- [WORK TASK]
For this exercise, output the entries below exactly from the line that holds "CUSUM for the" to the line that holds "- Size: These", both ends included. No pictures belong in the copy.

- [DATASET EXTRACT]
================

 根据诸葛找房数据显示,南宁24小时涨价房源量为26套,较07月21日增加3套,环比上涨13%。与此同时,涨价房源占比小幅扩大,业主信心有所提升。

================

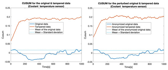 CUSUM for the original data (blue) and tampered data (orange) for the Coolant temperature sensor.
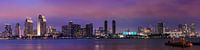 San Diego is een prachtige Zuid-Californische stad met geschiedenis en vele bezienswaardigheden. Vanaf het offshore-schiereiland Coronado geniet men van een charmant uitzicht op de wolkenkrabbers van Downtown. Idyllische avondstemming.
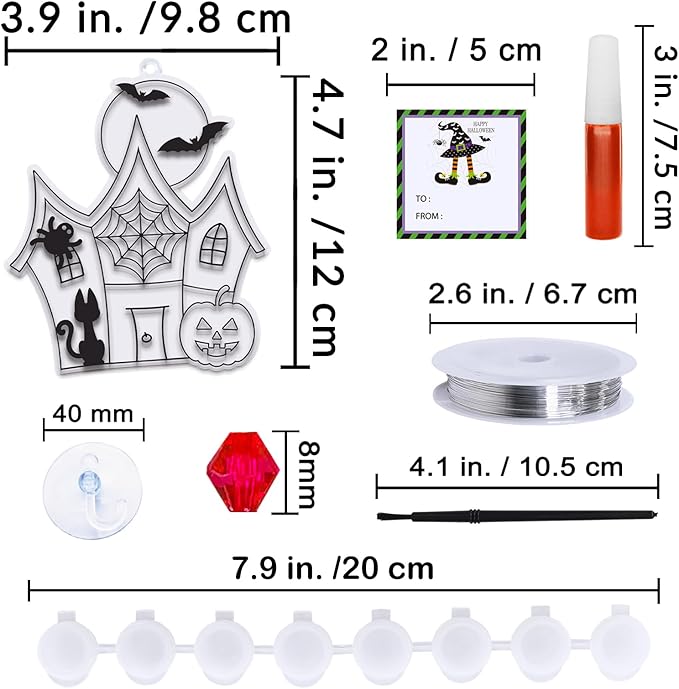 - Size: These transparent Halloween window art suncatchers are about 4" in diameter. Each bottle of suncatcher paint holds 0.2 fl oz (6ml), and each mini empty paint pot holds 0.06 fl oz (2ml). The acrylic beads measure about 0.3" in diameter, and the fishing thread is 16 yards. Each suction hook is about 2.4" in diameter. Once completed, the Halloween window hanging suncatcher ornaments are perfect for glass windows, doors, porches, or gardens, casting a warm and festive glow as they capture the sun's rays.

================

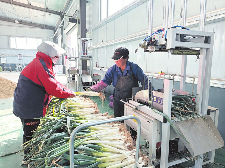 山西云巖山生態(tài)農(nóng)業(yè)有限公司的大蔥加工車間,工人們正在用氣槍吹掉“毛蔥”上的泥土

================

- [EXERCISE SOLUTION]
 CUSUM for the original data (blue) and tampered data (orange) for the Coolant temperature sensor.
 San Diego is een prachtige Zuid-Californische stad met geschiedenis en vele bezienswaardigheden. Vanaf het offshore-schiereiland Coronado geniet men van een charmant uitzicht op de wolkenkrabbers van Downtown. Idyllische avondstemming.
 - Size: These transparent Halloween window art suncatchers are about 4" in diameter. Each bottle of suncatcher paint holds 0.2 fl oz (6ml), and each mini empty paint pot holds 0.06 fl oz (2ml). The acrylic beads measure about 0.3" in diameter, and the fishing thread is 16 yards. Each suction hook is about 2.4" in diameter. Once completed, the Halloween window hanging suncatcher ornaments are perfect for glass windows, doors, porches, or gardens, casting a warm and festive glow as they capture the sun's rays.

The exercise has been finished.